I have a data load scenario where I create dynamic sql query to pull data and cache in our service. There is 1 table that contains all product data : ProductHistory (47 columns, 200,000 records + and will keep growing)
What I need: Get the latest products by using the maximum id, maximum version and maximum changeid.
First Attempt:
SELECT distinct Product.* FROM ProductHistory product
WHERE product.version =
(SELECT max(version) from ProductHistory p2 where product.Id = p2.Id
and product.changeId =
(SELECT max(changeid) from ProductHistory p3 where p2.changeId = p3.changeId))

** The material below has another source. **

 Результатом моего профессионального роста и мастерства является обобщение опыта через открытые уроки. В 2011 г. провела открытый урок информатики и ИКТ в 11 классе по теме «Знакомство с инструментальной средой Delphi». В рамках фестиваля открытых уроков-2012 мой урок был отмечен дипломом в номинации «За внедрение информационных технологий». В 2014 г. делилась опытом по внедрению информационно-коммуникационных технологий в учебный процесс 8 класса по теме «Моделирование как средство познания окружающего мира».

This took more than 2.51 minutes.
Other Failed Attempt:
select distinct product.* from ProductHistory product
where CAST(CAST(id as nvarchar)+'0'+CAST(Version as nvarchar)+'0'+CAST(changeid as nvarchar) as decimal) =
(select MAX(CAST(CAST(id as nvarchar)+'0'+CAST(Version as nvarchar)+'0'+CAST(changeid as nvarchar) as decimal)) from ProductHistory p2
where product.Id = p2.Id)
It basically uses the same principle as when you order dates, concatenating the numbers ordered by relevance.
For example 11 Jun 2007 = 20070711
And in our case: Id = 4 , version = 127, changeid = 32 => 40127032
The zeros are there not to mix up the 3 different ids
But this one takes 3.10 minutes !!! :(
So, I basically need a way to make my first attempt query better by any chance. I was also wondering with such amount of data, is this the best speed of retrieval that I should expect ?

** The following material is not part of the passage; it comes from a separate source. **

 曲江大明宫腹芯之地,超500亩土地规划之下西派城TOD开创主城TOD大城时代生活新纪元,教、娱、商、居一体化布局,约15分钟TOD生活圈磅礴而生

I ran sp_helpindex ProductHistory and found out the indexes as below :
PK_ProductHistoryNew - clustered, unique, primary key located on PRIMARY- Id, Version
I wrapped the first query in a SP but still no change.
So, wondering by what other means we can improve the performance of this operation ?
Thanks, Mani p.s : I am just running these queries in SQL management stuido to see the time.